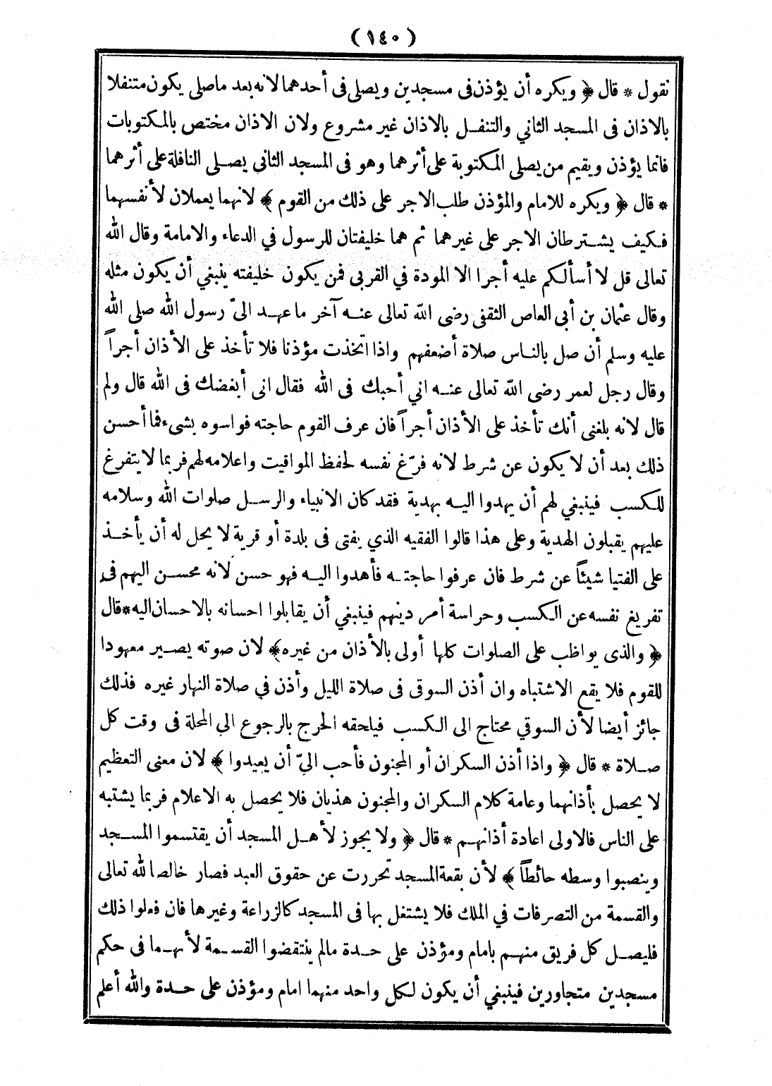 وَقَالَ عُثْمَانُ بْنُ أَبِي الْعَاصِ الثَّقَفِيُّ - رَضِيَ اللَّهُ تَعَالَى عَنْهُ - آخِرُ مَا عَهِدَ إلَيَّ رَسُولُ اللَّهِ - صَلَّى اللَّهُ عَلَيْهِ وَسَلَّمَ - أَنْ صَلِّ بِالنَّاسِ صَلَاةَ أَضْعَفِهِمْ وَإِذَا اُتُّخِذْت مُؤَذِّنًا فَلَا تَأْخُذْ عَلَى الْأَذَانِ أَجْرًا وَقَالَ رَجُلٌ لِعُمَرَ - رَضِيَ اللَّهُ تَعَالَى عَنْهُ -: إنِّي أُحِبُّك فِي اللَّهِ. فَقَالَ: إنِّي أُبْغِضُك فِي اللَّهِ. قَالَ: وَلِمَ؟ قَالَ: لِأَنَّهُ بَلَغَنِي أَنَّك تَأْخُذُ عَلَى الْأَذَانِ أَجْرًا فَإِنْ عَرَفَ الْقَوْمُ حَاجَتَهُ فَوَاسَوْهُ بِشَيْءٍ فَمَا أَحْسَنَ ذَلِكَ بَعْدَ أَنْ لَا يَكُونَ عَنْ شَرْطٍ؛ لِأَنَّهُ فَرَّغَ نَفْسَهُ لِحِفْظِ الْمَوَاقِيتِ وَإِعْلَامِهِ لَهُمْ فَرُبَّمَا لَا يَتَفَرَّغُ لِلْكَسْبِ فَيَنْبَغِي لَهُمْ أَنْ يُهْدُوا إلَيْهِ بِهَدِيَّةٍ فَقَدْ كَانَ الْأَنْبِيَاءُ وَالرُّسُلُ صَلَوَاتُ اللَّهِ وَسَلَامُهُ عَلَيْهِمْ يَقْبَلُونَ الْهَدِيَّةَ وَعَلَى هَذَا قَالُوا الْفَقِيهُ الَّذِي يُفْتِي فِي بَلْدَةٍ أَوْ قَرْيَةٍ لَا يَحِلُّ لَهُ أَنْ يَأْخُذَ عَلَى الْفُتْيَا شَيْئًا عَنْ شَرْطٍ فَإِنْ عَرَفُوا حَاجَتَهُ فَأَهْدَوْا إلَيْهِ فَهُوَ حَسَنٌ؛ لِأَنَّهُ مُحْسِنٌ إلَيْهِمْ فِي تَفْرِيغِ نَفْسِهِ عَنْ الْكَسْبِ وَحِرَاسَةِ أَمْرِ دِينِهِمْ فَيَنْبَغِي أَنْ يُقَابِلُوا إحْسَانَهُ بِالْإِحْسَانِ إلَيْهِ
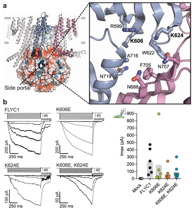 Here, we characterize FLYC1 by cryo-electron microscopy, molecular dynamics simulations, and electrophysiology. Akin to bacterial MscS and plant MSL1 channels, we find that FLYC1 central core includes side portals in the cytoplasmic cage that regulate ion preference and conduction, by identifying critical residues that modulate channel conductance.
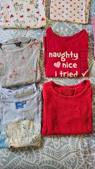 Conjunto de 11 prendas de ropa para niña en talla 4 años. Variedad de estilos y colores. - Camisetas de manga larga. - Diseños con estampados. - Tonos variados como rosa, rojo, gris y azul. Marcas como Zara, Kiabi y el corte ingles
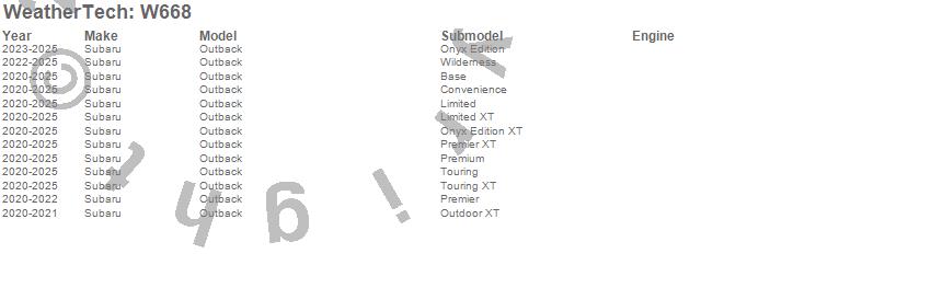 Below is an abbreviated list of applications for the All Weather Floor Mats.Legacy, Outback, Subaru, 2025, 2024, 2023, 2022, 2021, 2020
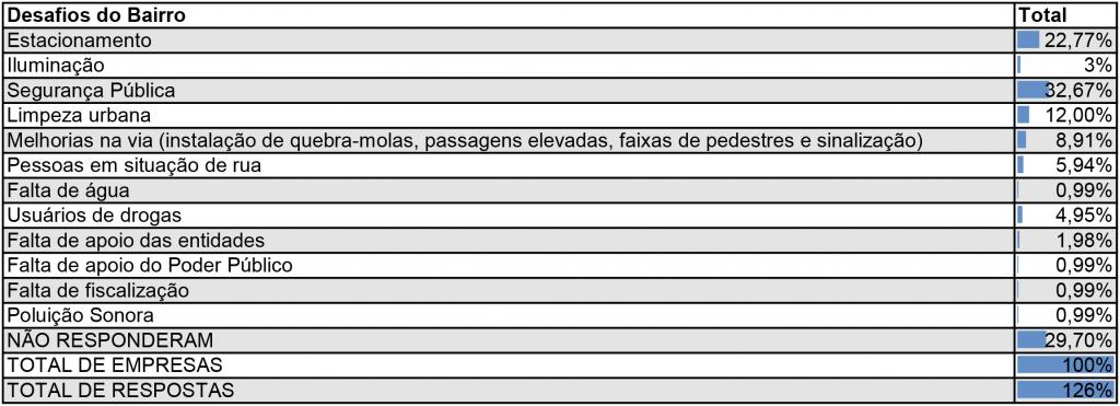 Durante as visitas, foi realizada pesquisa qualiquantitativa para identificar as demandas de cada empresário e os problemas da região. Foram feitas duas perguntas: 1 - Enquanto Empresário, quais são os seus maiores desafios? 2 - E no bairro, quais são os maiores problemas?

########################################

From the first line to the last, transcribe the listing exactly; skip the pictures.

RESULT OF THIS TASK:
 وَقَالَ عُثْمَانُ بْنُ أَبِي الْعَاصِ الثَّقَفِيُّ - رَضِيَ اللَّهُ تَعَالَى عَنْهُ - آخِرُ مَا عَهِدَ إلَيَّ رَسُولُ اللَّهِ - صَلَّى اللَّهُ عَلَيْهِ وَسَلَّمَ - أَنْ صَلِّ بِالنَّاسِ صَلَاةَ أَضْعَفِهِمْ وَإِذَا اُتُّخِذْت مُؤَذِّنًا فَلَا تَأْخُذْ عَلَى الْأَذَانِ أَجْرًا وَقَالَ رَجُلٌ لِعُمَرَ - رَضِيَ اللَّهُ تَعَالَى عَنْهُ -: إنِّي أُحِبُّك فِي اللَّهِ. فَقَالَ: إنِّي أُبْغِضُك فِي اللَّهِ. قَالَ: وَلِمَ؟ قَالَ: لِأَنَّهُ بَلَغَنِي أَنَّك تَأْخُذُ عَلَى الْأَذَانِ أَجْرًا فَإِنْ عَرَفَ الْقَوْمُ حَاجَتَهُ فَوَاسَوْهُ بِشَيْءٍ فَمَا أَحْسَنَ ذَلِكَ بَعْدَ أَنْ لَا يَكُونَ عَنْ شَرْطٍ؛ لِأَنَّهُ فَرَّغَ نَفْسَهُ لِحِفْظِ الْمَوَاقِيتِ وَإِعْلَامِهِ لَهُمْ فَرُبَّمَا لَا يَتَفَرَّغُ لِلْكَسْبِ فَيَنْبَغِي لَهُمْ أَنْ يُهْدُوا إلَيْهِ بِهَدِيَّةٍ فَقَدْ كَانَ الْأَنْبِيَاءُ وَالرُّسُلُ صَلَوَاتُ اللَّهِ وَسَلَامُهُ عَلَيْهِمْ يَقْبَلُونَ الْهَدِيَّةَ وَعَلَى هَذَا قَالُوا الْفَقِيهُ الَّذِي يُفْتِي فِي بَلْدَةٍ أَوْ قَرْيَةٍ لَا يَحِلُّ لَهُ أَنْ يَأْخُذَ عَلَى الْفُتْيَا شَيْئًا عَنْ شَرْطٍ فَإِنْ عَرَفُوا حَاجَتَهُ فَأَهْدَوْا إلَيْهِ فَهُوَ حَسَنٌ؛ لِأَنَّهُ مُحْسِنٌ إلَيْهِمْ فِي تَفْرِيغِ نَفْسِهِ عَنْ الْكَسْبِ وَحِرَاسَةِ أَمْرِ دِينِهِمْ فَيَنْبَغِي أَنْ يُقَابِلُوا إحْسَانَهُ بِالْإِحْسَانِ إلَيْهِ
 Here, we characterize FLYC1 by cryo-electron microscopy, molecular dynamics simulations, and electrophysiology. Akin to bacterial MscS and plant MSL1 channels, we find that FLYC1 central core includes side portals in the cytoplasmic cage that regulate ion preference and conduction, by identifying critical residues that modulate channel conductance.
 Conjunto de 11 prendas de ropa para niña en talla 4 años. Variedad de estilos y colores. - Camisetas de manga larga. - Diseños con estampados. - Tonos variados como rosa, rojo, gris y azul. Marcas como Zara, Kiabi y el corte ingles
 Below is an abbreviated list of applications for the All Weather Floor Mats.Legacy, Outback, Subaru, 2025, 2024, 2023, 2022, 2021, 2020
 Durante as visitas, foi realizada pesquisa qualiquantitativa para identificar as demandas de cada empresário e os problemas da região. Foram feitas duas perguntas: 1 - Enquanto Empresário, quais são os seus maiores desafios? 2 - E no bairro, quais são os maiores problemas?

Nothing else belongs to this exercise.